Differential gene expression was analyzed by DESeq2 [v1.30.1].

DESeq2 v1.30.1 GitHub

$ Bash example

# Install R and DESeq2 if not already installed
# conda create -n deseq2_env r-base r-essentials bioconductor-deseq2=1.30.1 -c bioconda -c conda-forge
# conda activate deseq2_env

# Create a placeholder R script for DESeq2 analysis
cat << 'EOF' > run_deseq2.R
#!/usr/bin/env Rscript

# Load necessary libraries
library(DESeq2)
library(data.table) # For fread/fwrite, install with install.packages("data.table") if not present

# --- Configuration ---
# Input count matrix file (e.g., from featureCounts, htseq-count, Salmon/Kallisto tximport)
# This file should have genes/features as rows and samples as columns, with raw counts.
count_matrix_file <- "counts.tsv"

# Input sample information file
# This file should have sample IDs as rows (or a column named 'sample_id') and
# experimental design variables (e.g., 'condition', 'treatment') as columns.
# The row names (or 'sample_id' column) should match the column names in the count_matrix_file.
sample_info_file <- "sample_info.tsv"

# Output file for differential expression results
output_results_file <- "deseq2_results.tsv"

# Define the design formula (e.g., ~ condition)
# Replace 'condition' with your actual experimental variable from sample_info_file
design_formula_str <- "~ condition"

# --- Main Analysis ---

# Read count matrix
# Assuming the first column is gene ID and subsequent columns are sample counts
count_data <- as.matrix(fread(count_matrix_file, header = TRUE, sep = "\t", data.table = FALSE), rownames = 1)

# Read sample information
# Assuming the first column is sample ID and subsequent columns are design variables
sample_info <- fread(sample_info_file, header = TRUE, sep = "\t", data.table = FALSE)
rownames(sample_info) <- sample_info$sample_id # Ensure sample_id column exists and is used for row names

# Ensure sample order matches between count data and sample info
sample_info <- sample_info[colnames(count_data), , drop = FALSE]

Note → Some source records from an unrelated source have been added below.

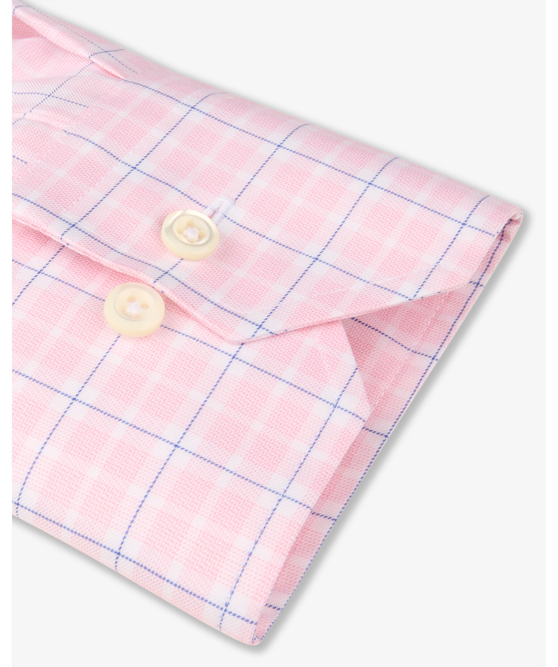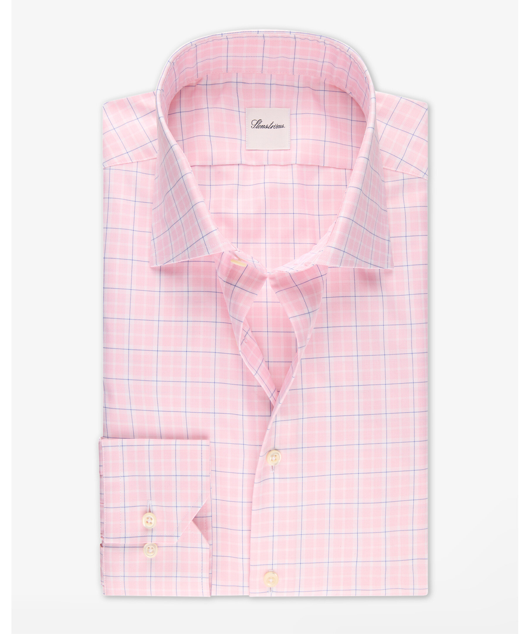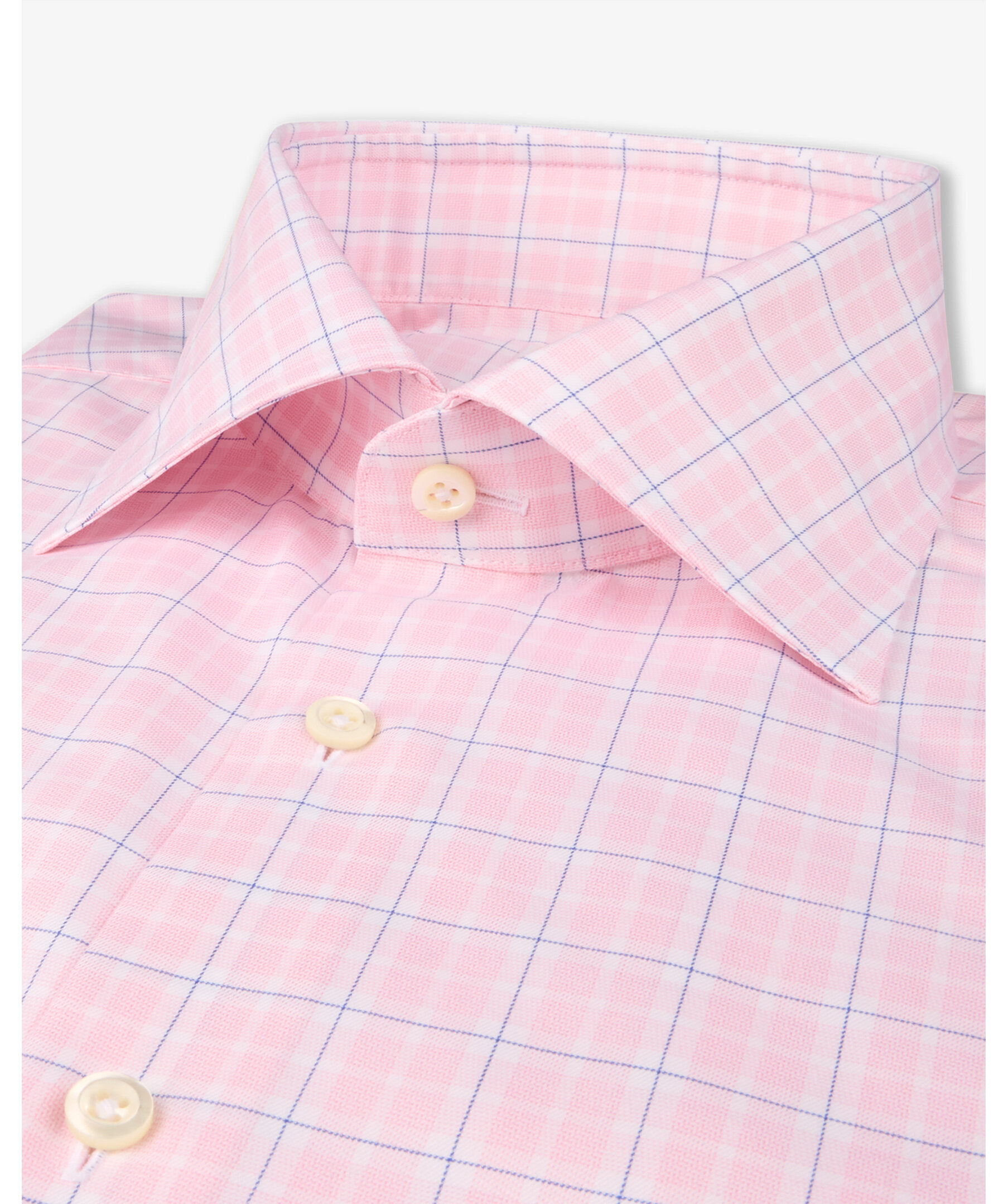 Ljusrosa rutig twillskjorta tillverkad av bomull och har pärlemorknappar, enkla manschetter och en cut away krage.
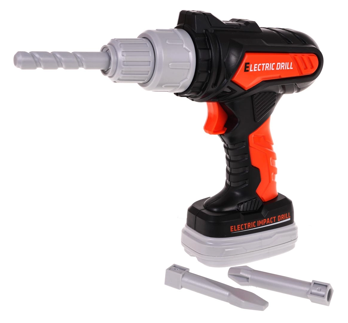 Taladro/destornillador infantil para 2× pilas AA con “batería” extraíble y cambio de sentido de giro para atornillar y desatornillar. Incluye puntas intercambiables: Phillips, plana y broca.
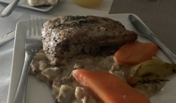 Seasoned Chicken Breast served with Three Pepper Sauce accompanied by Roasted Corn Carolina Grits and seasoned Carrots. Chicken was a bit tough and I didn't care for the Grits.
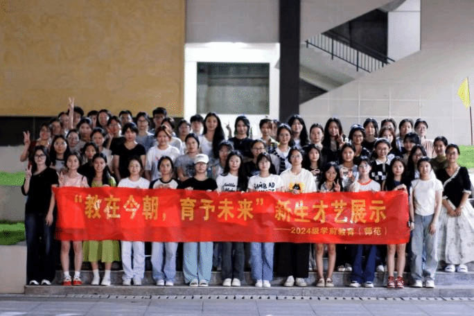 为提升学前教育专业新生专业素养,激发学生对学前教育专业技能兴趣。9月18日晚,我院在鼎新广场举办“教在今朝 育予未来”新生才艺展示。2024级学前教育新生参加活动。

# Create DESeqDataSet object
dds <- DESeqDataSetFromMatrix(countData = count_data,
                              colData = sample_info,
                              design = as.formula(design_formula_str))

# Run DESeq2 analysis
dds <- DESeq(dds)

# Get results (e.g., comparing the last level of 'condition' to the first)
# For specific contrasts, use: results(dds, contrast=c("condition","treated","untreated"))
res <- results(dds)

# Order results by adjusted p-value
res_ordered <- res[order(res$padj),]

# Write results to file
fwrite(as.data.frame(res_ordered), file = output_results_file, sep = "\t", row.names = TRUE)

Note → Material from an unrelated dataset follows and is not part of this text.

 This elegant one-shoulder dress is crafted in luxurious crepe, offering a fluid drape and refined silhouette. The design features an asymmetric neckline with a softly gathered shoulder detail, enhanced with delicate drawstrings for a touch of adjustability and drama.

message(paste("DESeq2 analysis complete. Results saved to:", output_results_file))

EOF

# Example placeholder files (uncomment and create these for a runnable example):
# echo -e "gene_id\tsampleA_rep1\tsampleA_rep2\tsampleB_rep1\tsampleB_rep2" > counts.tsv
# echo -e "gene1\t100\t120\t50\t60" >> counts.tsv
# echo -e "gene2\t50\t60\t100\t110" >> counts.tsv
# echo -e "gene3\t200\t210\t200\t220" >> counts.tsv
# echo -e "sample_id\tcondition" > sample_info.tsv
# echo -e "sampleA_rep1\tcontrol" >> sample_info.tsv
# echo -e "sampleA_rep2\tcontrol" >> sample_info.tsv
# echo -e "sampleB_rep1\ttreatment" >> sample_info.tsv
# echo -e "sampleB_rep2\ttreatment" >> sample_info.tsv

# Execute the R script
Rscript run_deseq2.R

View on GitHub

For splicing analysis, 22Rv1 data only:

rMATS (Inferred with models/gemini-2.5-flash) v4.1.2 GitHub

$ Bash example

# Install rMATS (example using conda)
# conda create -n rmats_env python=3.8
# conda activate rmats_env
# pip install rmats-turbo

# Define input and reference files
# Placeholder BAM files for 22Rv1 control and experimental groups.
# Replace with actual paths to your 22Rv1 RNA-seq alignment BAM files.
# For example, if comparing treated vs. untreated 22Rv1 cells.
CONTROL_BAM_FILES="/path/to/22Rv1_control_rep1.bam,/path/to/22Rv1_control_rep2.bam"
EXPERIMENTAL_BAM_FILES="/path/to/22Rv1_experimental_rep1.bam,/path/to/22Rv1_experimental_rep2.bam"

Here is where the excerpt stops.